The public got a glimpse into the bureau’s sexual mischief when it was disclosed high-profile FBI officials Lisa Page and Peter Strzok were cheating on their spouses. Special counsel Robert Mueller dumped Page from his investigation on Russian collusion and later removed Strzok after he learned of their relationship.
But it turns out sexual misconduct within the bureau went much further than cheating spouses.
According to the Justice Department Inspector General’s enforcement summaries, which TheDCNF reviewed, FBI agents and officials engaged in a variety of improper sexual relationships and harassment throughout the bureau. Inspector General Michael E. Horowitz published at least 14 instances of improper sexual conduct. The latest incident was reported only last week.
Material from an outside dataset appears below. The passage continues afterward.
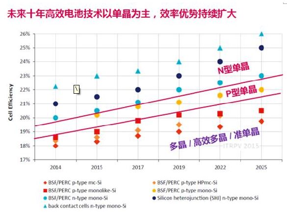 转换效率是领跑者核心标准 对于领跑者计划而言,组件的转换效率无疑是核心要素,领跑者基地建设要求使用高效组件,并提出了明确的数据指标,其中给出的准入标准效率为多晶组件15.5%和单晶组件16%;领跑者效率则分别为16.5%和17%,据业内人士分析,单晶将更容易达到这一标准,而多晶想要达到这一标准,还有一定难度。 在隆基股份旗下乐叶光伏汤应辉先生看来,领跑者计划要求的单晶17%的效率,其组件标称功率60型要达到275W,72型则要达到330W,就国内产能来看,隆基股份旗下乐叶光伏已经实现了量产单晶产品90%以上都能满足这一标准;而多晶16.5%的效率,其标称功率60型要达到270W,72型要达到325W,国内产能达标率不足10%。同时,单晶的理论转换效率也达到25%以上,远高于多晶,对于注重组件效率的领跑者计划来说,单晶无疑更具优势。 未来高效电池技术以单晶为主 随着产业升级的必要,高效电池市场进一步扩大,而转换效率更高、长期收益更好的单晶势必将引领高效电池市场。市场趋势也证实了这一点,2015年以来,中国市场单晶组件用量预计3.5-4GW,出货量达到历史顶峰。中民新能400MW单晶组件订单,北控光伏采购100MW单晶组件,中广核太阳能的100MW,特变电工的200MW订单,中环股份建成了50MW光伏电站……近日,全球最大的单晶硅制造商隆基股份及其旗下乐叶光伏又分别与中民新能、林洋能源、招商新能源、中设无锡等六家公司签下9.6GW单晶组件、3GW单晶硅片/电池片的战略合作协议巨单,单晶重回高效组件市场主导地位的趋势十分明显。 同时,单晶的长期衰减低于多晶也已经成为行业共识,虽然仍有人对单晶的前几个月的初始光衰抱有疑虑,但事实已经证明,单晶的长期衰减性更低、收益更高。对此,隆基股份系统集成总监邓良平正在通过技术手段来改善,“我们现在尝试用有效的办法来降低硅片的含氧量,这一参数控制好了,就能够缓解单晶电池在头几个月的衰减幅度。”邓良平所带领的技术团队还在从多方面降低单晶硅片的成本、提升效率,“金刚线切割已经全面应用在单晶硅片中了,工艺的进步还在不断提升硅片的转换效率,为更高效的电池制作打下基础。” 不论从市场趋势还是从技术角度来看,单晶都拥有更加明显的优势,Bloomberg分析师王潇婷在统计分析了多个主要市场的相关数据后,也表达了她对单晶产品未来前景的信心,“五到十年后单晶组件的装机比例有可能提升至50%。”

The acts entail inappropriate romantic relationships with a subordinate, outright sexual harassment, favoritism or promotion based on demands for sex, and retaliation against women who rebuffed male employee’s advances.
Importantly, Horowitz reported Comey attempted to thwart the investigation, as he sought to examine the bureau’s recent history of sexual harassment and misconduct charges.
As Horowitz explained in his March 2015 final report on how law enforcement agencies handle sexual-misconduct complaints, his office’s ability “to conduct this review was significantly impacted and delayed by the repeated difficulties we had in obtaining relevant information from both the FBI and DEA as we were initiating this review in mid-2013.”
Horowitz said the FBI and DEA initially refused to provide his office “with unredacted information that was responsive to our requests.”
After months of protracted discussions with the FBI, the bureau “found that the information was still incomplete.”
Congress denounced Comey’s refusal to open the FBI’s record and eventually led to the passage of the Inspector General Empowerment Act of 2016, which requires all federal departments and agencies to share all records with the IG. It became law on Dec. 16, 2016.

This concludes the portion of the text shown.